Visual applications with Go on Windows


Go is a great programming language, supporting more and more cross-platform libraries for the creation of visual applications - especially GTK 3.

The benefits are evident - providing a uniform graphical user interface (GUI) when developing native programs. I definitely appreciated GTK+'s flexibility and portability when creating MoonDeploy, my cross-platform deployment tool.

The setup on Linux is generally very simple - on Ubuntu, for example, you'll just have to install the gcc compiler system and the required C libraries via the apt-get package manager.
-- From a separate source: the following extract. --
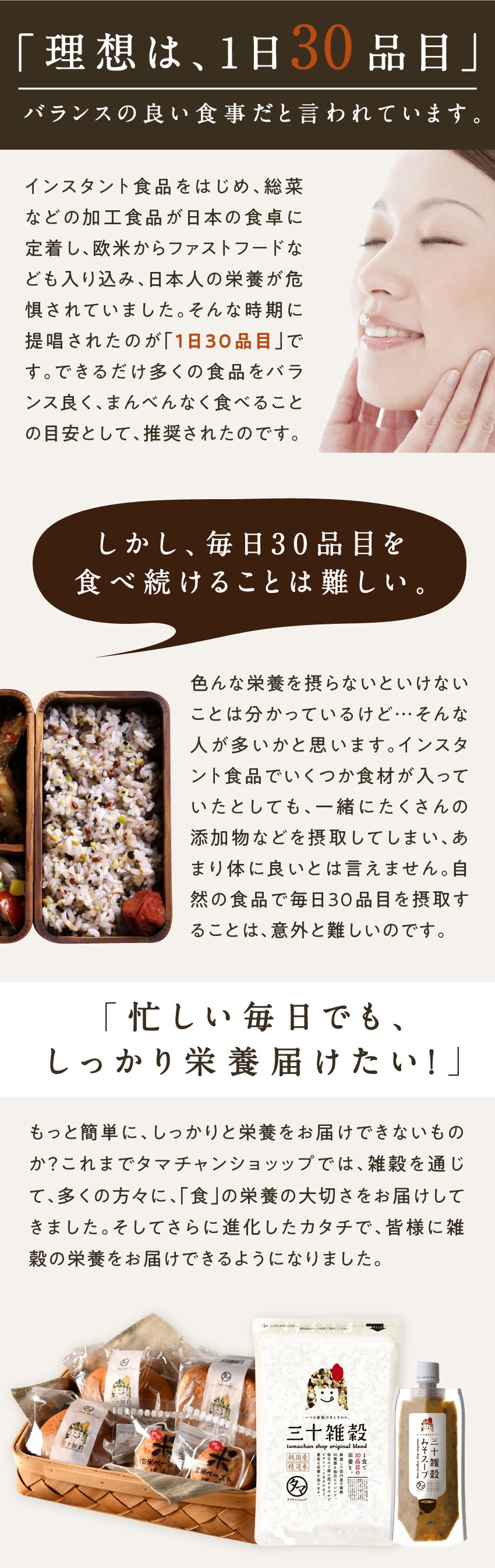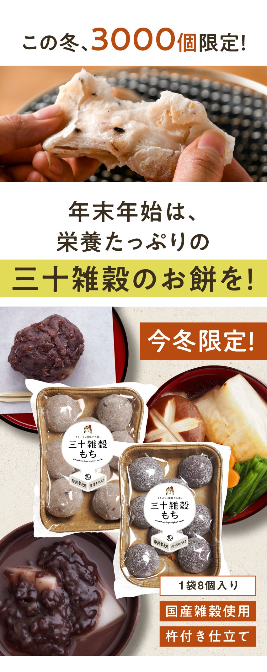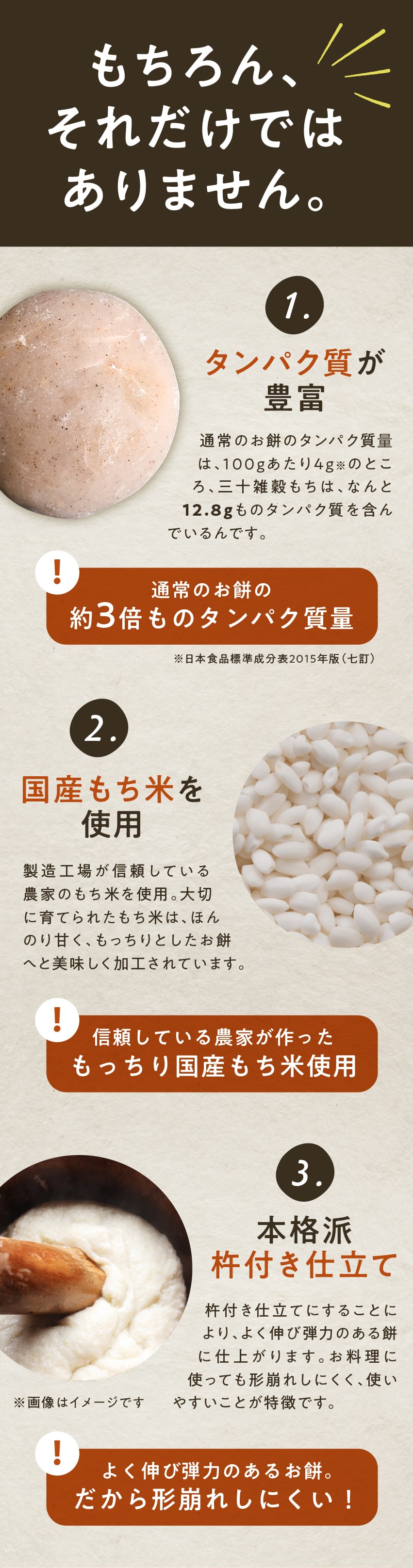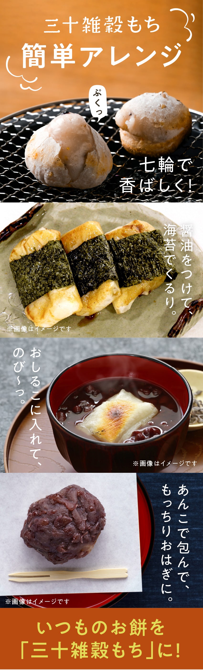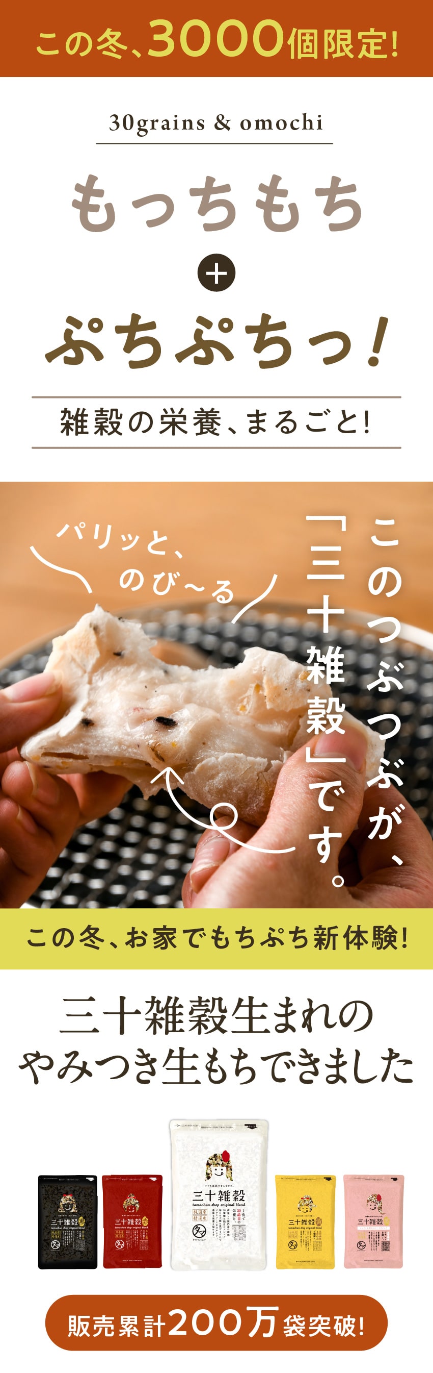 | 【原材料】【三十雑穀もち】 もち米(国内産)、胚芽押麦、うるち玄米、小豆、黒米、もちきび、青大豆、もち麦、大豆、もち粟、もち玄米、高きび、うるちきび、インゲン豆、赤米、発芽玄米、ひえ、黒もち粟、金ごま、黒大豆、黒ごま、はと麦、とうもろこし、白ごま、緑米、アマランサス、えごま、うるち粟、うずら豆、裸麦、金時豆、餅とり粉(コンスターチ)(一部に大豆・ごまを含む) 【黒米入り三十雑穀もち】 もち米(国内産)、胚芽押麦、うるち玄米、小豆、黒米、もちきび、青大豆、もち麦、大豆、もち粟、もち玄米、高きび、うるちきび、インゲン豆、赤米、発芽玄米、ひえ、黒もち粟、金ごま、黒大豆、黒ごま、はと麦、とうもろこし、白ごま、緑米、アマランサス、えごま、うるち粟、うずら豆、裸麦、金時豆、黒米粉(国内産)、餅とり粉(コンスターチ)(一部に大豆・ごまを含む) |

In this short article we will see how to configure a 64-bit Windows system in order to develop a visual application.

Installing msys2

We'll employ msys2, a brilliant development environment for Windows, including the MinGW-w64 compiler:

  1. Go to the msys2 website, download the installer having x86_64 in its name and run it
  2. Follow the wizard; we'll assume that msys is installed into the default directory C:\msys64
  3. As soon as the wizard has finished, run msys2's console (which should be suggested by the wizard itself)
  4. In the console, run:

    pacman --needed -Sy bash pacman pacman-mirrors msys2-runtime
  5. Close and restart the console
  6. Run:

    pacman -Su
  7. Restart the console
  8. To install MinGW-w64, run:

    pacman -S mingw-w64-x86_64-gcc
  9. To install pkg-config, run:

    pacman -S mingw64/mingw-w64-x86_64-pkg-config
  10. Add the following paths to your PATH environment variable:
  11. C:\msys64\mingw64\bin
  12. C:\msys64\usr\bin

Installing the GTK+ 3 libraries

Installing GTK+ 3 with msys2 requires a single instruction in msys2's console:

pacman -S mingw64/mingw-w64-x86_64-gtk3

Generally speaking, if you wish to look for a library whose you don't know the exact name, try running:

pacman -Ss text_to_search

Please, note: for 32-bit systems, the process is similar - just use a different installer and replace the x86_64 qualifier in package names.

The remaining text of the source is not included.